Task item -> Return, exactly as written, the lines of the material from its top through the line with "Vestido largo con", keeping pictures out.

Data supplied ->

※ ※ ※

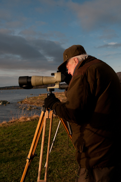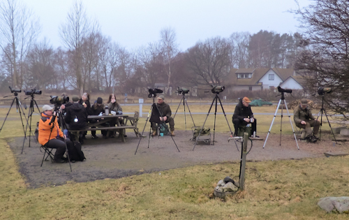 Även våra yngsta besökare togs väl om hand av naturpedagogen Sam Peterson från naturum Vattenriket. Jag tror även att de vuxna besökarna minst lika mycket uppskattade de örnsiluetter som Sam använde för att visa storlek och vingspann på örnarna. Utöver havsörnarna kunde en vacker samling salskrake följas i viken väster om oss. Minst ett möjligt vårtecken visade sig i form av en storspov som kom överflygande och flöjtade för oss. Må det gå den väl detta år så den inte slutar sina dagar i en snödriva som fjolårets storspov här ute gjorde.
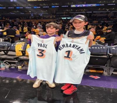 体育资讯1月14日报道宣称 NBA常规赛,马刺126-102战胜湖人。赛后,马刺球员保罗和文班亚马把自己的签名球衣送给了雷迪克的儿子。
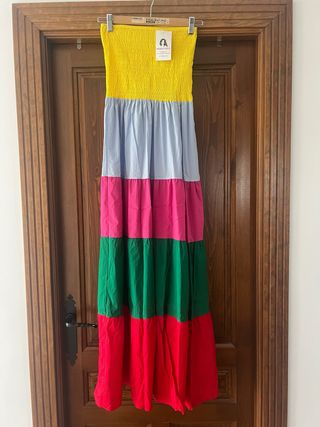 Vestido largo con un diseño vibrante y escalonado. - Cuerpo superior elástico amarillo. - Falda con secciones de color azul claro, rosa fucsia, verde y rojo. - Estilo bohemio y veraniego. - Precio original 23,90€
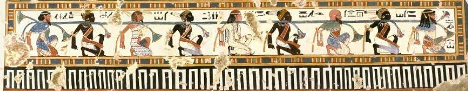 Tomba di Amenhotep detto Hui – TT40 – Cominciò la sua carriera con Amenhotep III e la concluse sotto Tutankhamon, che lo creò vicerè della Nubia. Nei rilievi parietali della sua tomba è raffigurato un viaggio che fece per nave fino a quel paese lontano, dal quale portò i tributi che i capi locali mandavano al Faraone. Tra di essi gli schiavi o prigionieri rappresentati nell’immagine. Particolare è l’immagine della donna, che tiene per mano due bambini e ne tiene una terza in una sacca sulle spalle. Questa bambina ha dei curiosi codini sulla testa.
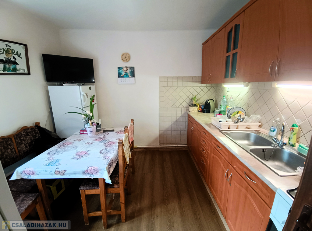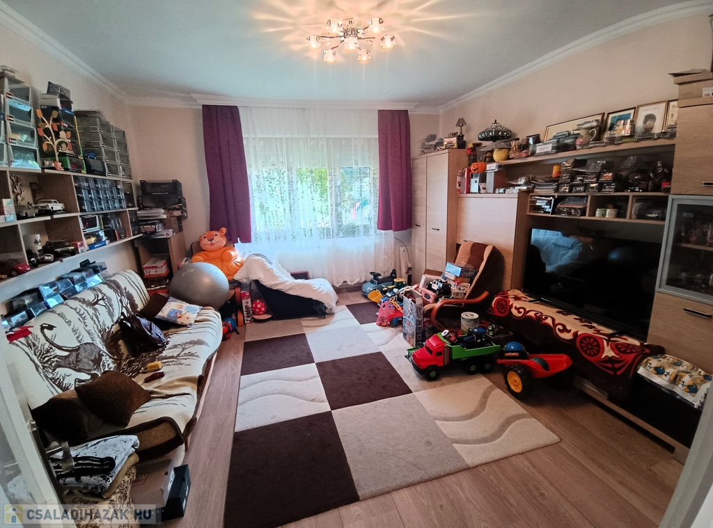 - Helyiségei: előszoba, 3 külön nyíló szoba, étkezőkonyha, mosókonyha + WC, fürdőszoba, külön még egy WC, mosdóval ellátva.
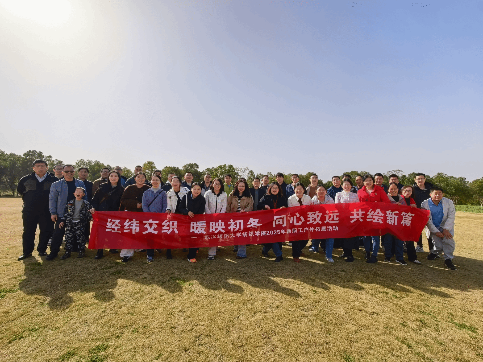 初冬暖阳沐初心,凝心聚力启新程。为丰富教职工文化生活,缓解教学科研压力,强化团队凝聚力与向心力,best365英国体育在线于11月27日组织全体教职工赴梁湖农庄开展户外拓展活动,以活力满满的互动体验搭建交流桥梁,在自然惬意的氛围中凝聚奋进力量,践行“崇真尚美,笃行致远”校训精神。合影梁湖农庄三面环山、一面临湖,湖光山色相映成趣,清新雅致的生态环境让教职工们暂别案头忙碌,沉浸式感受自然野趣。活动以“经纬交织凝合力,同心致远共前行”...

※ ※ ※

Solution to this problem ->
 Även våra yngsta besökare togs väl om hand av naturpedagogen Sam Peterson från naturum Vattenriket. Jag tror även att de vuxna besökarna minst lika mycket uppskattade de örnsiluetter som Sam använde för att visa storlek och vingspann på örnarna. Utöver havsörnarna kunde en vacker samling salskrake följas i viken väster om oss. Minst ett möjligt vårtecken visade sig i form av en storspov som kom överflygande och flöjtade för oss. Må det gå den väl detta år så den inte slutar sina dagar i en snödriva som fjolårets storspov här ute gjorde.
 体育资讯1月14日报道宣称 NBA常规赛,马刺126-102战胜湖人。赛后,马刺球员保罗和文班亚马把自己的签名球衣送给了雷迪克的儿子。
 Vestido largo con un diseño vibrante y escalonado. - Cuerpo superior elástico amarillo. - Falda con secciones de color azul claro, rosa fucsia, verde y rojo. - Estilo bohemio y veraniego. - Precio original 23,90€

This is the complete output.